A Quarter Before Six in Santa Maria

I took a break from the tiresome editing of graphics and images in my computer for the news magazine. Looking for anything that entertains and relaxes, I took from the rack a disc and ran it in my computer.

I hardly realized that it was our wedding’s until the names of the entourage appeared on the screen. I then savored the moment of reminiscing one of the happiest days of my life. I remembered how my wife played on my face to reduce my pimples. Cucumbers, mashed banana, facial cleansers she bought in Quiapo, and yes, toothpaste. Only to no avail. I laughed at the dark spots on my face which were vividly caught by the video cam, courtesy of the toothpaste that almost burned my cheeks.

I was able to watch our wedding video for several times already but it was only that time I sensed that the camera purposively rolled around the venue and captured the beautiful arrays of flowers in full bloom. The crack of the dawn made it even more picturesque and dramatic. It was quarter to six in the morning. The venue was at the magnificent facade and scenic garden of Santa Maria Municipal Hall. There again, I have been falling in love with this small yet beautiful town.

It was during the Fiesta of 1998 when I first stepped on this municipality known for several names: Concepcion, Imelda and Santa Maria. According to stories, the name Concepcion was a misnomer since there was an island municipality that bears such name also. Correspondence and mails missed the recipients. To fast track the change of name, the local officials opted the name ‘Imelda’ after the President’s powerful first lady. True to their expectations, the town got a new name and the first lady herself, came over to christen it. After the EDSA Revolution in 1986, and when President Corazon Aquino swore into office, traces of the Marcoses were gradually phased out. The town was named Santa Maria.

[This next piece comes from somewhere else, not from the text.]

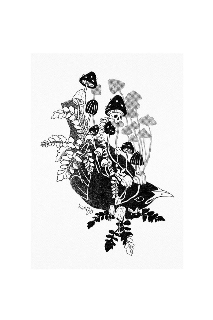 A4 formaadis (210 x 297 mm) print joonistusest "Metsik lind".

Santa Maria, previously part of San Agustin, is a small fifth class municipality composed of six barangays: Concepcion Sur, Concepcion Norte, San Isidro, Paroyhog, Santo NiƱo and Bonga. Concepcion Norte, the town proper is not as vast as other towns in the province. It just has three major streets running from north to south intersecting four paved roads running from east to west. Going around the town is not that tiring though.

Small as it may seem, the first thing that impressed me was their well-landscaped municipal garden in front of the majestic town hall comparable with Baguio’s Mansion. The building was painted white and embraced by the towering columns and thick metals securing the entire area. Flowers in full bloom were diligently taken care of and pruned by the utilities to maintain the pleasing ambience of the surrounding. The gate led to the doorstep of the municipal hall through an aisle about 50 meters long. The aisle cut the lawn into two. In each side were carefully landscaped box of flowers and pathways. On the far south of the town hall was an elevated rest house called the Palaisdaan. Its posts were elevated by about a meter. It was surrounded by concrete dikes which enabled it to hold water. Tilapia and other freshwater fishes were cultured there. Visitors usually took an afternoon nap in the bamboo-made resthouse.

In 1999, Santa Maria was named as the cleanest and greenest town in Romblon.

Perhaps, no other auditorium in the province would be more desirable than Santa Maria Sports Complex. It was the first covered court in Tablas and could accommodate thousands of spectators. It could also be used as venues for big celebrations like wedding, parties and etc. The comfort rooms there were one of the best.

People coming to Santa Maria were wondering why such a small town could ably support the erection of skyscrapers (a third storey building was already a big deal here). Add to that was the well-maintained public infrastructure like the barangay hall that was often construed as the town hall, the tourism building which probably was the biggest, and the Recreation Center.

What actually made the town more attractive were not the buildings but the variety of flowering plants blooming everywhere: in schools, children paradise, houses, river banks, etc.

Two years ago, the Hinugyawan Festival was born here. People dressed like natives, colored their bodies black and roamed around the town chanting, shouting and making noises, hence, hinugyawan. It was a crowd-drawer.

The town was also home to natural and unspoiled scenic spots among them were the Bil-at Cove, a hidden sea few meters north of the town proper; Madrona’s Beach Resort in Paroyhog; Ese-Ese steps in Talamban; imposing promontories in Naabang; and the Triple Peak where telecommunications relay towers stood.

For the past two years, there were several beautiful things I couldn’t forget about Santa Maria. More to buildings, landscape and yes, people, it was in Santa Maria where I experienced for the very first time the beauty of the sun rising from the sea. I never asked why our wedding was at dawn. A quarter before six.